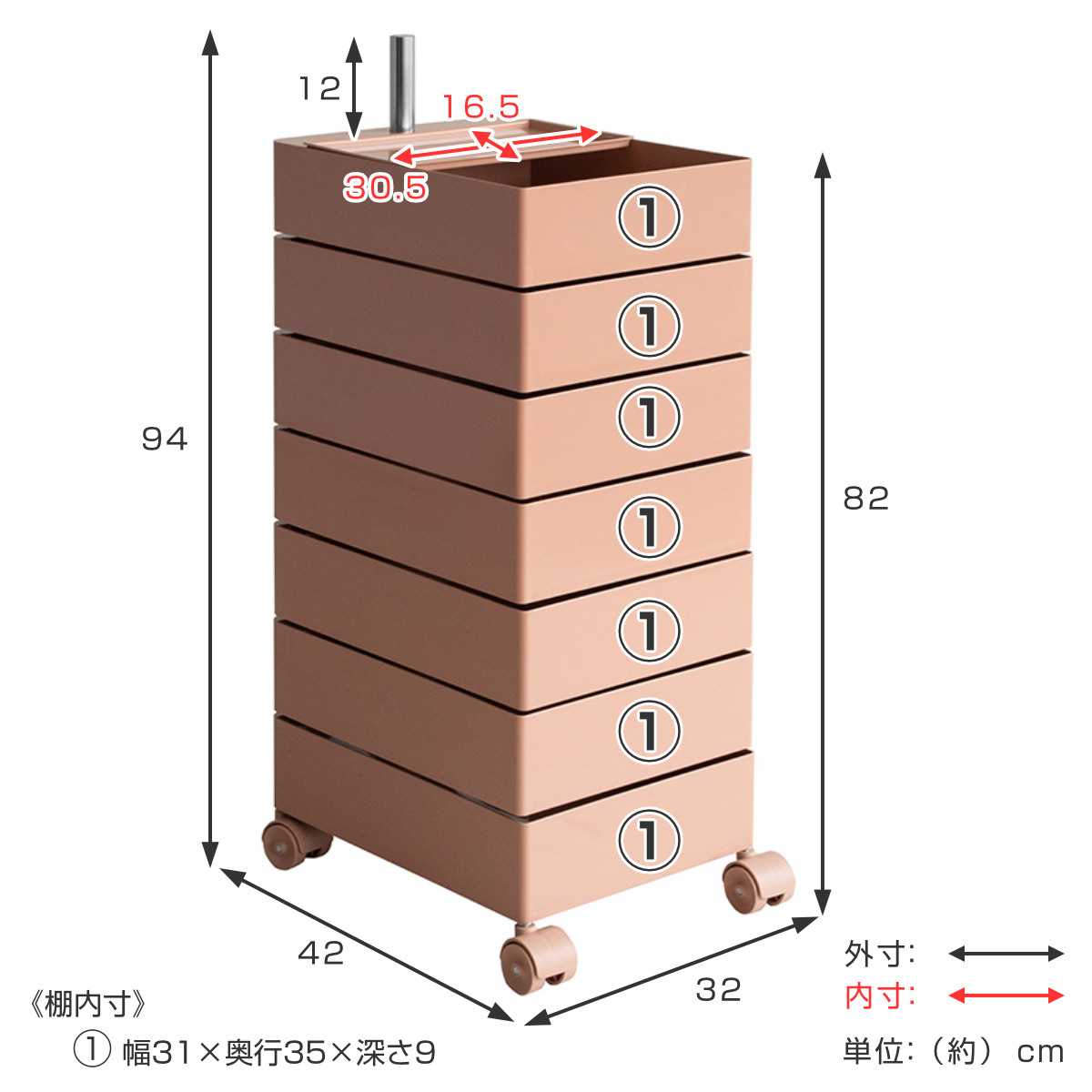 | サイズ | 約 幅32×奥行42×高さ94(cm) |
▬▬▬▬▬▬
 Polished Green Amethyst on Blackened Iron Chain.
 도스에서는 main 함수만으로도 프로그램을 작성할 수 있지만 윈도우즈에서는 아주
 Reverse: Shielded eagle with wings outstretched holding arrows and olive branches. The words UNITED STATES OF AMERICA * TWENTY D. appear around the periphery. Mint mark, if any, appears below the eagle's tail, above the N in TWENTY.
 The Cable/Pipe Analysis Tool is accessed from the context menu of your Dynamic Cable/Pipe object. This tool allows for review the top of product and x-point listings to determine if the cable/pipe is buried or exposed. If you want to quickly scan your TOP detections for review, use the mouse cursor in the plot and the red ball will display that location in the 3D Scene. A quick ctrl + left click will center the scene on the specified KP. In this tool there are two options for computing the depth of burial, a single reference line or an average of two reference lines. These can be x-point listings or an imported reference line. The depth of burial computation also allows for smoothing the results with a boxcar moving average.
▬▬▬▬▬▬
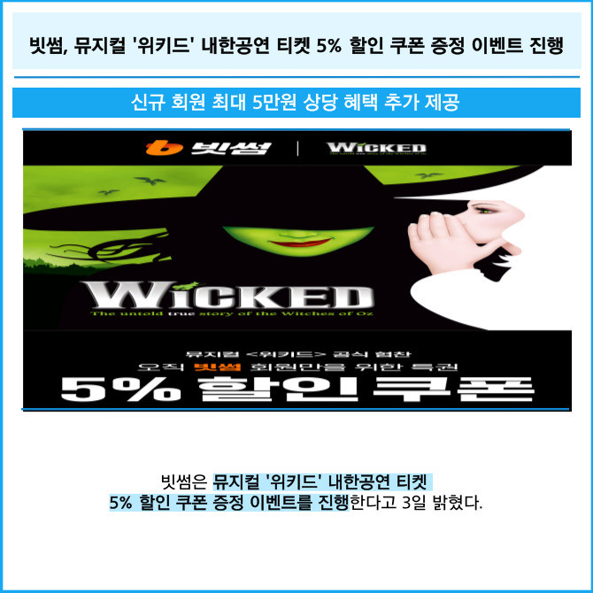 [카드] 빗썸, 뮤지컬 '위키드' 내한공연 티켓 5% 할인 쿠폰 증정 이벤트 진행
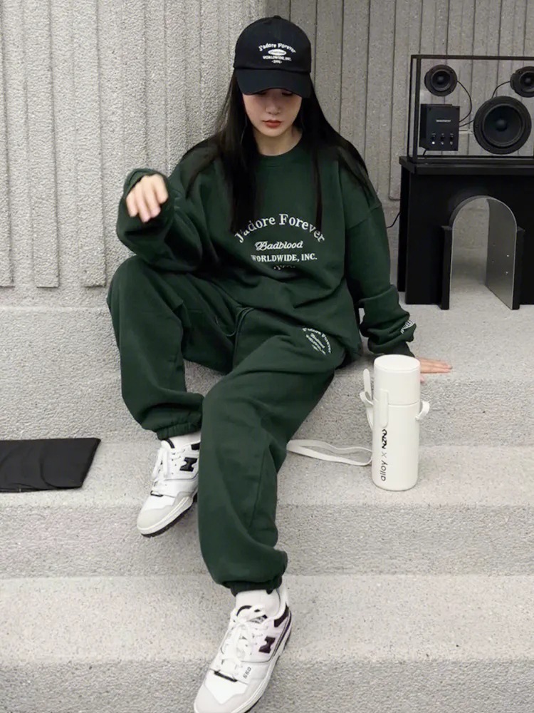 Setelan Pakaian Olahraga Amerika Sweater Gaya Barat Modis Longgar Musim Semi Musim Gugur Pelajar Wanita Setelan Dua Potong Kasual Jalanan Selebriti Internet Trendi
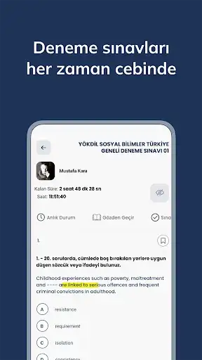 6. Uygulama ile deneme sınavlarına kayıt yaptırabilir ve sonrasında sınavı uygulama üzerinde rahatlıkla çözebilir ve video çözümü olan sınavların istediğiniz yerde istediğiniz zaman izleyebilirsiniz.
▬▬▬▬▬▬
**What you need to do:** Retype the entries above exactly, but only from the line containing "Polished Green Amethyst" through the line containing "The Cable/Pipe Analysis", both included.

**Solution for this exercise:**
 Polished Green Amethyst on Blackened Iron Chain.
 도스에서는 main 함수만으로도 프로그램을 작성할 수 있지만 윈도우즈에서는 아주
 Reverse: Shielded eagle with wings outstretched holding arrows and olive branches. The words UNITED STATES OF AMERICA * TWENTY D. appear around the periphery. Mint mark, if any, appears below the eagle's tail, above the N in TWENTY.
 The Cable/Pipe Analysis Tool is accessed from the context menu of your Dynamic Cable/Pipe object. This tool allows for review the top of product and x-point listings to determine if the cable/pipe is buried or exposed. If you want to quickly scan your TOP detections for review, use the mouse cursor in the plot and the red ball will display that location in the 3D Scene. A quick ctrl + left click will center the scene on the specified KP. In this tool there are two options for computing the depth of burial, a single reference line or an average of two reference lines. These can be x-point listings or an imported reference line. The depth of burial computation also allows for smoothing the results with a boxcar moving average.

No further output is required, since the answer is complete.